"Terrible!" That's what one frustrated preview-goer shouted at the screen as the end credits for Matthew Harrison's Kicked in the Head began to roll. Question is whether that one-word critique might be going too far.
Not if you came to this film expecting anything more than Generation X clichés. You know the drill. Un-hunky young man with bad haircut (Kevin Corrigan) eschews work and undergoes spiritual crisis: "I'm going through a self-destructive period." Decides to write masterwork on meaning of life: "I'm writing a ... what do you call it? ... book." Enter true-blue former girlfriend (Lili Taylor), psychotic pal from the old neighborhood (Michael Rapaport), eccentric scam-artist uncle (James Woods) and postmodern femme fatale (Linda Fiorentino). What fun!
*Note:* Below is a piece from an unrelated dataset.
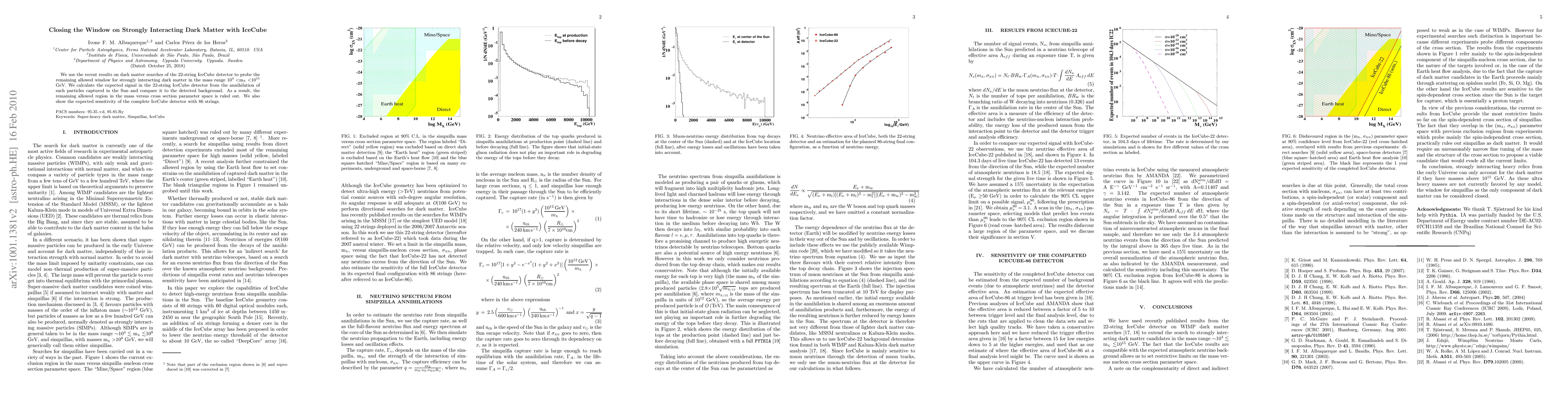This study utilizes IceCube's 22-string data to investigate strongly interacting dark matter in the mass range of 10^4 to 10^15 GeV, finding no allowed region for such dark matter in the mass versus cross section parameter space. The complete 86-string IceCube detector is expected to further enhance sensitivity.

Problem is, that description suggests way more potential than the film is remotely capable of delivering on. As for Woods, and the third-rate James Woods imitation he offers here, he makes it hard to remember that this man was once -- occasionally -- an actor. Fiorentino plays herself playing a woman who'll remind you a little of Linda Fiorentino. Maybe she had something going for her in Last Seduction. What she's brought to this role is a stitched-on headache of a pout that we're supposed to construe -- apparently -- as an existentially correct eroticism. Terrible.
So, what's not terrible? Corrigan is good (given the big nothing he was handed to work with), ditto Rapaport (who shares blame for the script and maybe credit for the film's 3 1/2 funny minutes). And Lili Taylor is brilliant with nowhere to go; makes you wish she could hurry and grow up so she could get out of the Gen X ghetto.
And that -- the cynical ghettoizing of generational stereotypes -- is what makes "terrible" a too-kind estimation of this film. It's as if director Harrison assumed that all he had to do was assemble an appropriately aged cast, write some pseudo-twisted dialogue and then wait for the presumed mushbrains of said demographic cohort to come dutifully trooping into theaters to proclaim him the next budding genius. When are people under 30 going to get credited with a little intelligence or an attention span longer than the average American bowel movement? Not in this terrible picture.